Treatment,” and “Conditions of Confinement.” See Doc. 14, p. 2-4. The Amended Complaint
does not contain new factual averments or identify any persons responsible for the alleged
constitutional violations. See McLaughlin v. Bd. of Trustees, 215 F.3d 1168, 1172 (10th Cir.
2000) (“A cause of action under section 1983 requires the deprivation of a civil right by a
‘person’ acting under color of state law.”). The Amended Complaint therefore fails to state a
claim on which relief may be granted, and this action will be dismissed with prejudice pursuant
to 28 U.S.C. §§ 1915(e)(2)(B)(ii) and 1915A(b).

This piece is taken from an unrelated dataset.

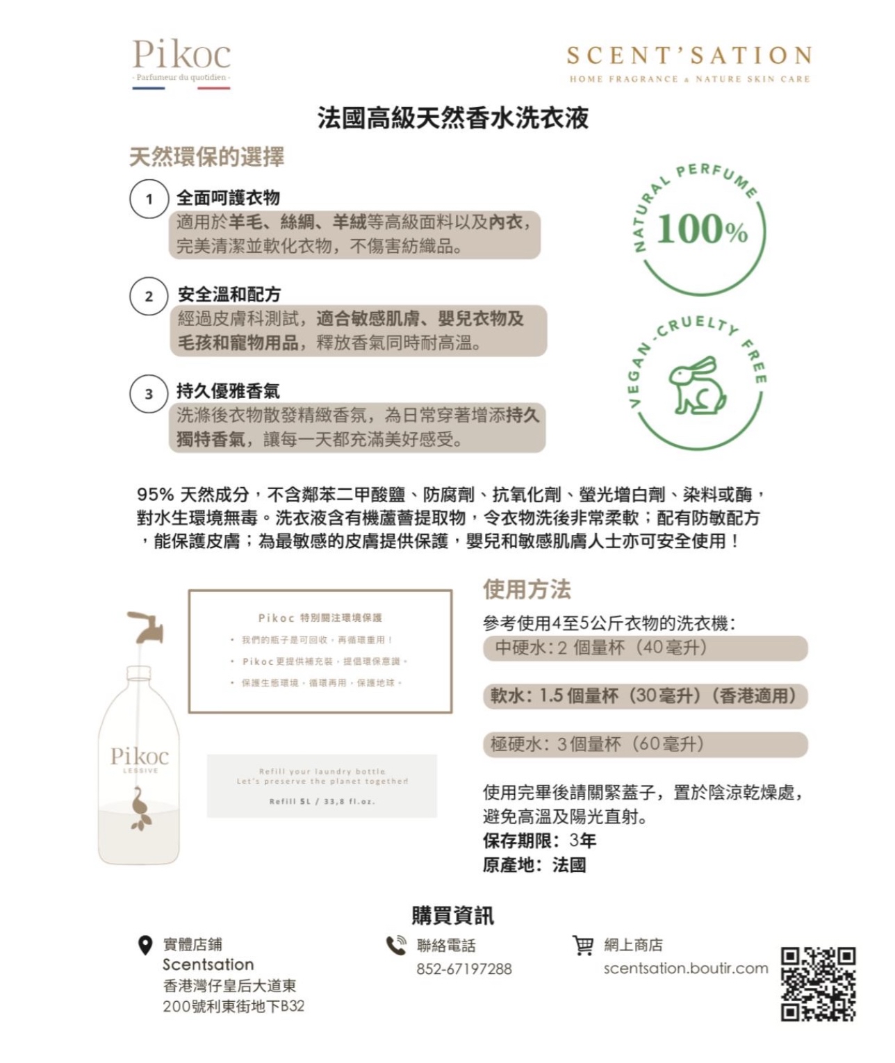 Pikoc 法國洗衣液 1L Pikoc由法國香水師創立於巴黎,以高端天然香氛為核心。95%天然成分,不含鄰苯二甲酸鹽、防腐劑、抗氧化劑、染料、酶,對水生環境無毒。洗衣液含有機蘆薈提取物,令衣物洗后非常柔軟;同时洗衣液配有防敏配方,能保護皮膚;可以為最敏感的皮膚提供保護,嬰兒和敏感肌膚人士亦可安全使用! 洗衣液配方是適合所有紡織品,毛絨、羊毛或合成服装 配方95%全天然,你也可以用手洗,而且安全安心使用! 4到5公斤衣物的洗衣機: - 2個量杯(40毫升)用於中水 - 1.5個軟水量杯(30毫升) - 3個量杯(60毫升)用於非常硬的水 付款、送貨及退貨 + Made in France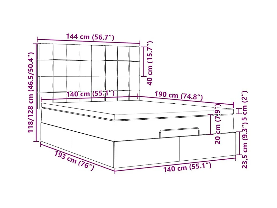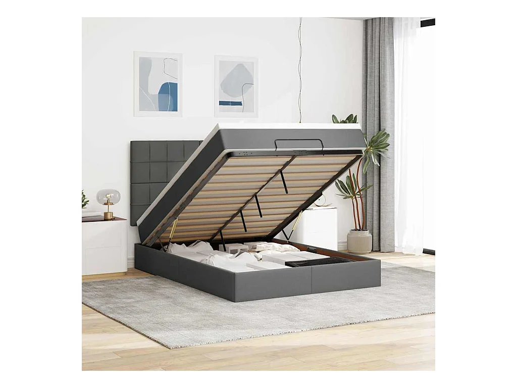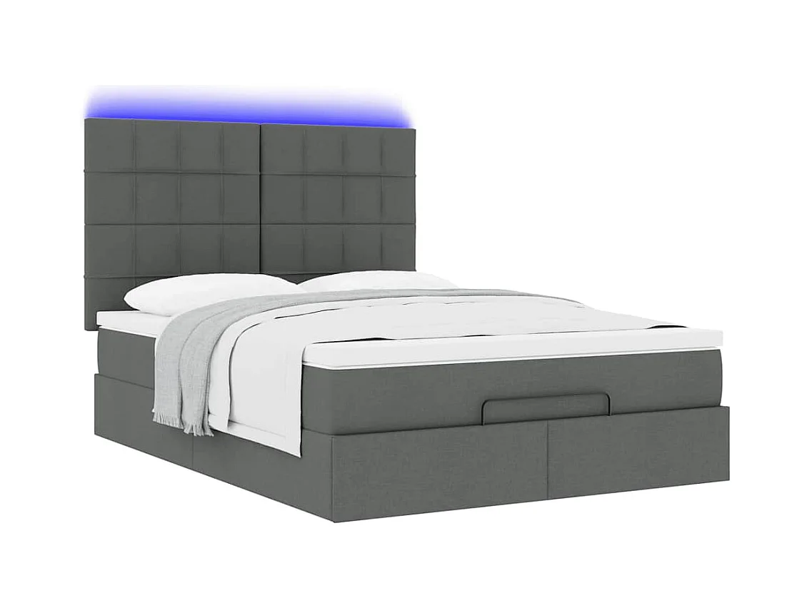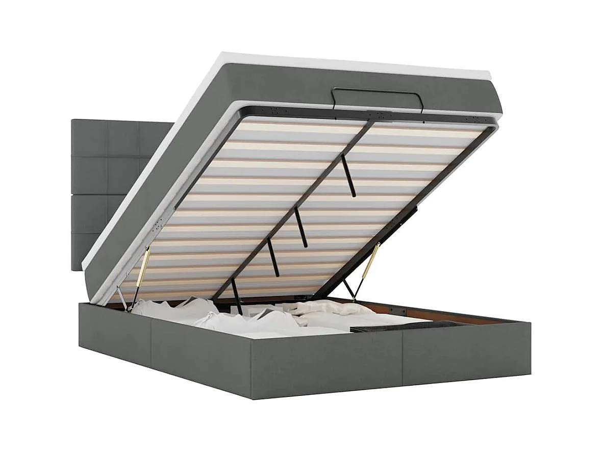 Cadre de lit ottoman avec matelas gris foncé 140x190 cm tissu

Such dismissal counts as a strike under the Prison Litigation Reform Act (PLRA), 28
U.S.C. § 1915(g). See Hafed v. Bureau of Prisons, 635 F.3d 1172, 1176-77 (10th Cir. 2011)
(holding that dismissal of an action as frivolous, malicious, or for failure to state a claim under §
1915(e)(2)(B) counts as a strike under § 1915(g)). The Court notifies Plaintiff that if he accrues
three strikes under the PLRA, he may not proceed in forma pauperis in civil actions before the
federal courts unless he is under imminent danger of serious physical injury. See § 1915(g).
IT IS HEREBY ORDERED that this action is DISMISSED with prejudice pursuant to
28 U.S.C. § 1915(e)(2)(B)(ii) and 1915A(b) for failure to state a claim on which relief may
granted; and judgment will be entered.
IT IS FURTHER ORERED that a strike is IMPOSED against Plaintiff Karl Marx
Candelaria under 28 U.S.C. § 1915(g).